Butwin Captives
Captive insurance companies, those that are owned and controlled by the companies it insures, offer a way for businesses to cut insurance costs by as much as 60%. As a result, alternative risk financing mechanisms, which include Captives, currently account for over 50% of the commercial insurance premiums in the United States. For those who qualify, Captives are a more stable and less expensive alternative to traditional insurance.
Captives represent about to 25% of all insurance premiums.
A major reason businesses go into Captives is to have insurance costs based on their individual experience and not that of the general population. In the traditional marketplace better risks help fund the losses of those with more claims. This program is only for superior risks; those whose insurance premiums significantly exceed their losses.

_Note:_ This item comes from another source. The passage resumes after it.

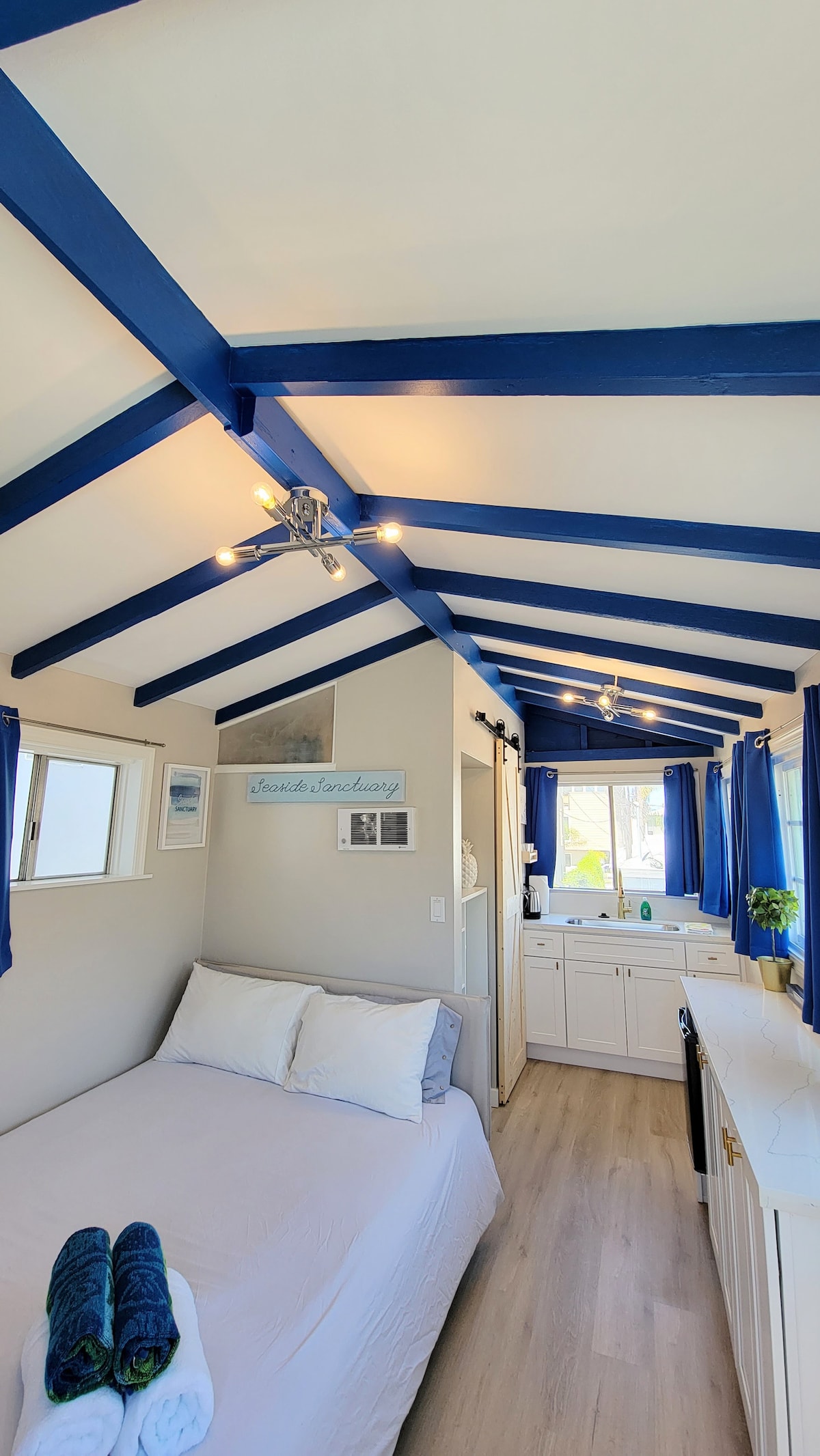 Located in the heart of Normal Heights, where everything is walkable; pubs, markets, cafes. Local’s favorite! The LOFT is a spacious open-space studio loft, in a stand-alone cottage. Whether you fall in love with the vaulted-beamed ceilings, the Loft-style open kitchen, the clawfoot tub, the art & decor, or the lush landscaping, you won’t likely forget this place any time soon. Everywhere you turn is a feast for your eyes. We’ve ensured that comfort is as much of a priority as is beauty.

In a Captive, companies self-insure the lower-layer of claims that have become predictable and level over time. Reinsurance is then purchased directly to cover larger claims and guarantee a maximum cost for the policy year.
'The New York Times', 'The Los Angeles Times', CFO Magazine, Accounting Today, 'Long Island Business News' and 201 Great Ideas for Your Small Business by Bloomberg Press have written about our program. Captives are not new, they represent close to 25% of all insurance premiums. If you join a captive you will not be a pioneer. This is a mature, stable and significant segment of the insurance industry.